Era el primer tanteo. Luego iba el del blusón a otra
cuadrilla y repetía la misma representación, e igual que él hacían más de una
docena de compradores.
A media mañana se sacaba el almuerzo de las
alforjas, pues el día iba a ser largo y cansado y había que reponer fuerzas.
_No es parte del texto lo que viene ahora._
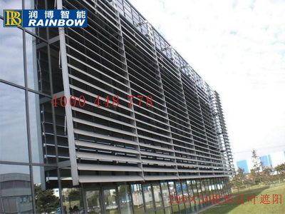電動梭形百葉遮陽葉片呈梭形(又名魚腹形),雙弧面,造型優美,具高科技感,葉片截面大且為中空結構,強度高,符合外墻百葉韌度及延展性要求,適合大跨度使用,能起到保護玻璃幕墻的作用; • 葉片規格 100mm,150mm,200mm,300mm等
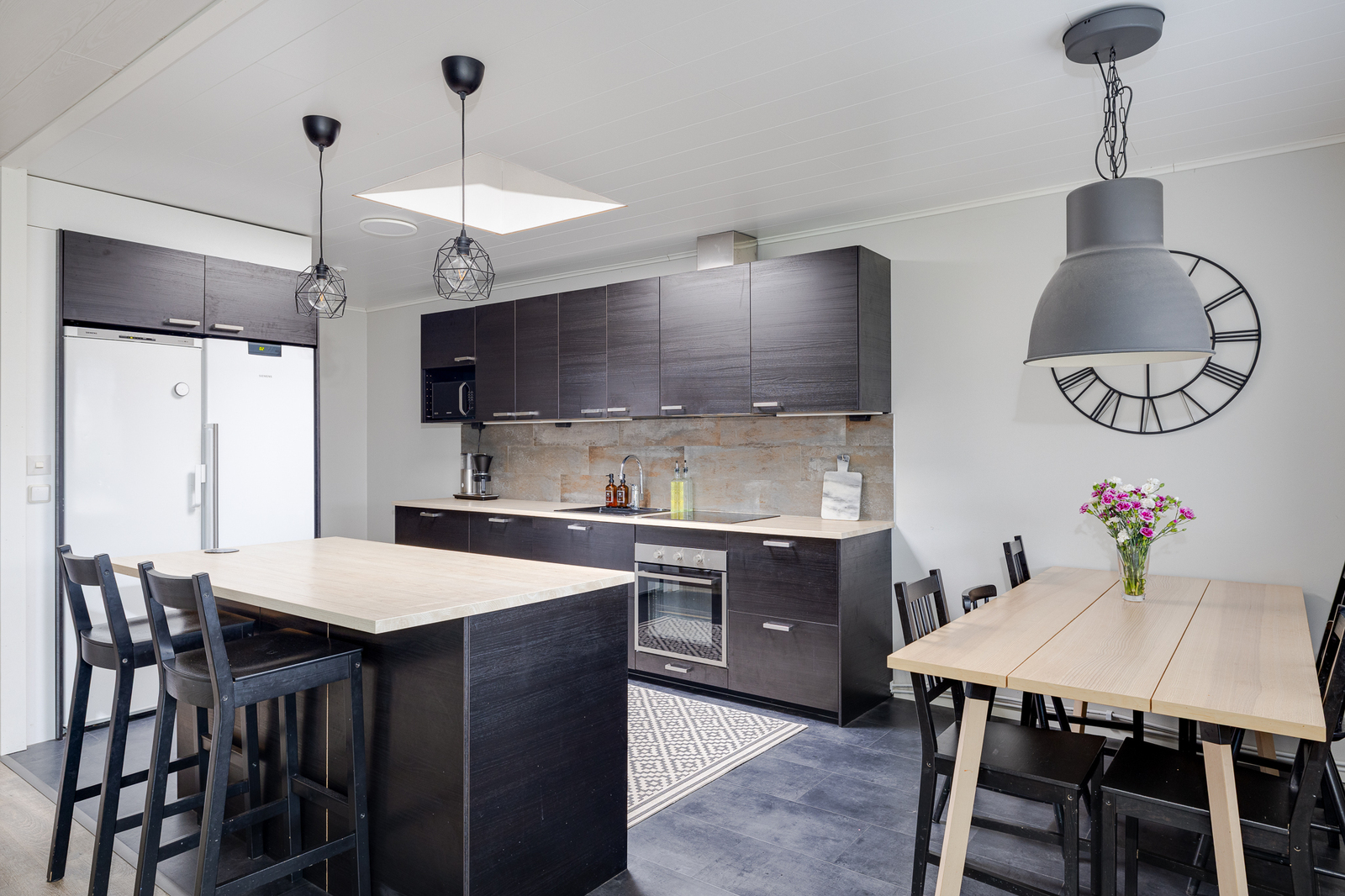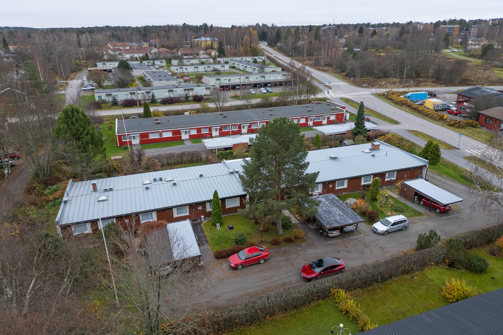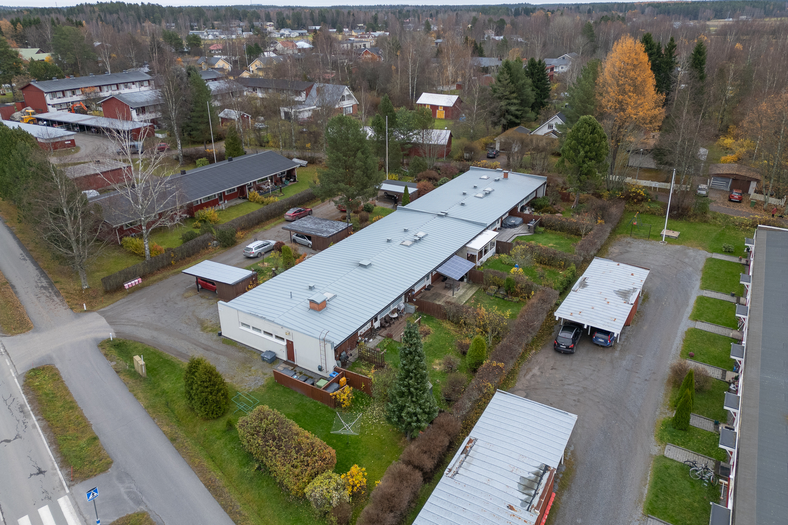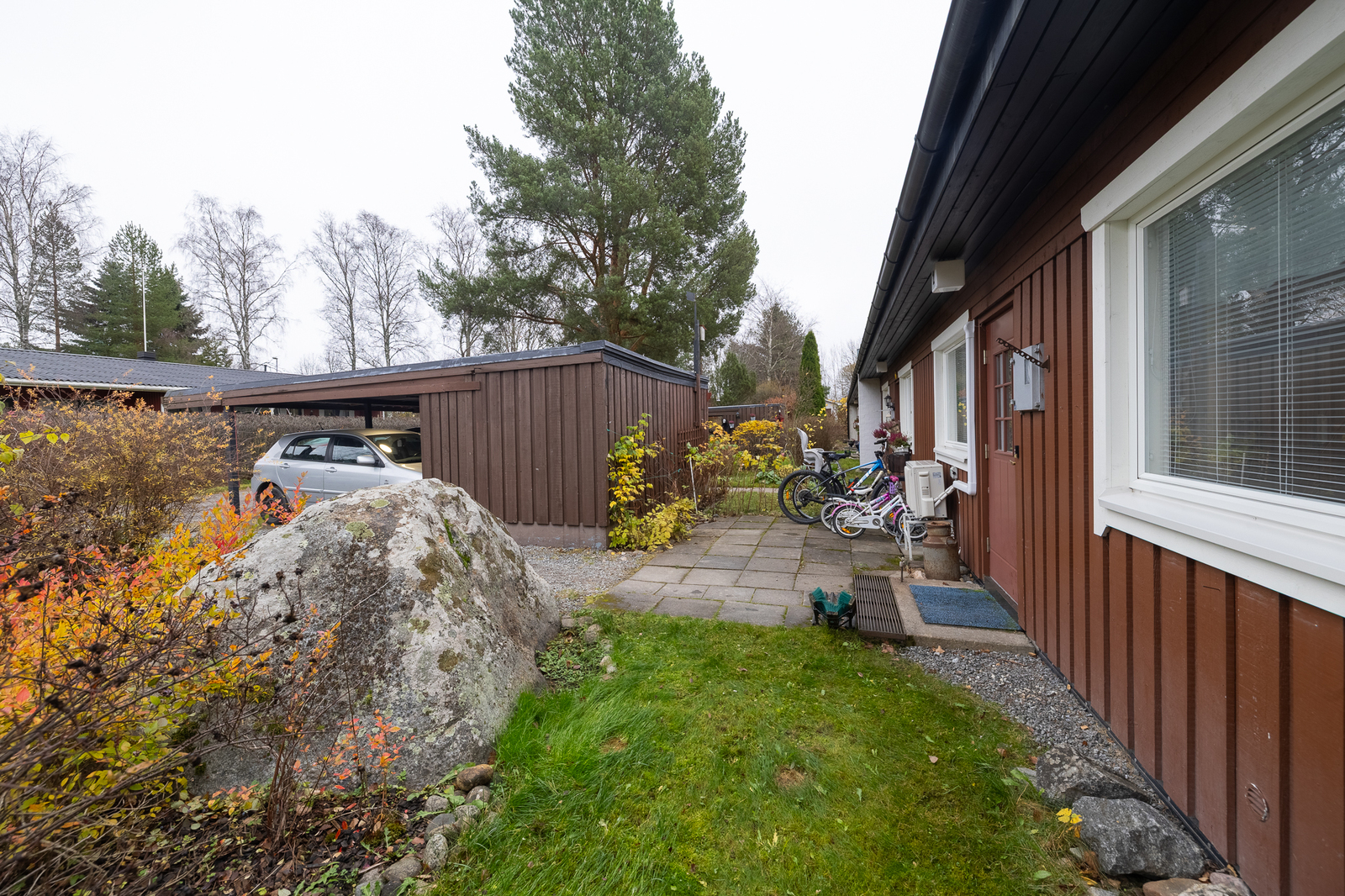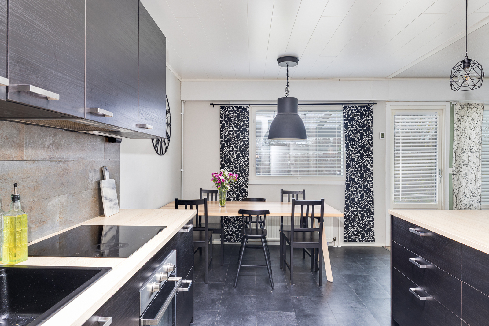 Tyylikkäästi ja modernisti remontoitu, tilava 88 m²:n saunallinen rivitalokolmio Sepänkylässä, hyvin hoidetussa kaukolämpöyhtiössä. Kaikki asuintilat ovat kätevästi yhdessä tasossa. Kesäisin asuminen laajenee ulos isolle, osittain katetulle terassille. Omaa piha-aluetta ympäröi todella tiheä pensasaita, mikä helpottaa vaikkapa koiranomistajan elämää. Asunto on kauttaaltaan erinomaisessa kunnossa. Keittiö on uusittu vuonna 2019, jolloin myös keittiön ja olohuoneen välinen seinä on avattu yhtenäiseksi oleskelutilaksi. Samalla on päivitetty pintamateriaalit ja remontoitu kylpyhuone; erillinen wc on uusittu vuonna 2018. Taloyhtiössä on tehty merkittäviä kunnostuksia: ikkunat, ovet ja käyttövesiputket on uusittu, ja yhtiö sijaitsee omalla tontilla. Autopaikka löytyy aivan oman sisäänkäynnin vierestä katoksen alta – arjen mukavuutta parhaimmillaan. ************************************ Elegant och modernt renoverad radhustrea på 88 m² med bastu, belägen i Smedsby i ett välskött bolag med fjärrvärme. Bostaden ligger bekvämt i ett plan. På somrarna utvidgas boendet till den stora, delvis täckta terrassen. Den egna gården är inhägnad med en tät häcke, som är praktiskt t.ex. om man råkar ha en hund. Lägenheten är i utmärkt skick. Köket renoverades 2019 och väggen mellan kök och vardagsrum togs bort för att skapa en ljus och öppen sällskapsyta. Samtidigt förnyades ytorna och badrummet renoverades delvis; den separata toaletten uppdaterades 2018. Bostadsbolaget har genomfört flera större förbättringar – alla fönster, dörrar och vattenledningar har bytts ut, och fastigheten står på egen tomt. Bilplatsen finns bekvämt under taket alldeles intill den egna ingången – en detalj som gör vardagen både enklare och bekvämare.

También a los animales se les daba de comer y de beber, más para entretenerlos
que por necesidad, pues de buena mañana habían tomado su ración para todo el
día. Si en las horas tempranas olía a hierba virgen, a agua fresca y a hojas de
aliso caídas en la ribera del Aravalle, a media mañana flotaba sobre el gentío
un aroma peculiar, en el que se fundían el olor intenso del tomillo y el romero
recién pisados y las vaharadas que despedían las deyecciones de tanto animal
junto. Era el mejor momento para observar el colorido de la feria, tan igual a
sí misma, tan fiel a la distribución por zonas, reconocibles sus gentes por la
forma de vestir y el deje de su terruño, el tipo de sombrero y los colores de
las alforjas, agrupadas por pueblos para no sentirse perdidas en aquella
llanada que a mí me parecía inmensa.
Los hombres del blusón volvían a hacer otra ronda;
una vez echada la cuenta de lo que había en la feria, y de lo que les podía
interesar, se esforzaban en no dejarse arrebatar lo que deseaban, pero sin
mostrar excesivo interés ante los dueños de las reses seleccionadas por su
astucia. Era el momento de entrar en el trato.
-Te doy treinta y siete mil reales.
-Por treinta y siete el choto vuelve al pueblo con
su amo y se queda para arar si hace falta.
Entonces hacían su aparición los mediadores, gente
conocida por unos y por otros y que parecían ser neutrales de verdad, pues les
animaba más su vena teatral que cualquier favor oculto. Agarraban del brazo al
comprador y al vendedor, y éstos, de lado y sin mirarse, hacían mohínes de
rechazo pero el mediador les hacía cogerse la mano derecha para sellar el
trato, aceptando el ritual antiguo del valor de la palabra dada.
-Ni treinta y siete, ni cuarenta y cinco, echadlo al
medio, dale cuarenta y un mil reales y no se hable más.
-Está bien, pero no vale ni treinta y ocho- decía el
comprador.
-A tiempo se está de dejarlo- defendía su orgullo el
ganadero.
-Bueno, comprado está. A las cinco en el camión.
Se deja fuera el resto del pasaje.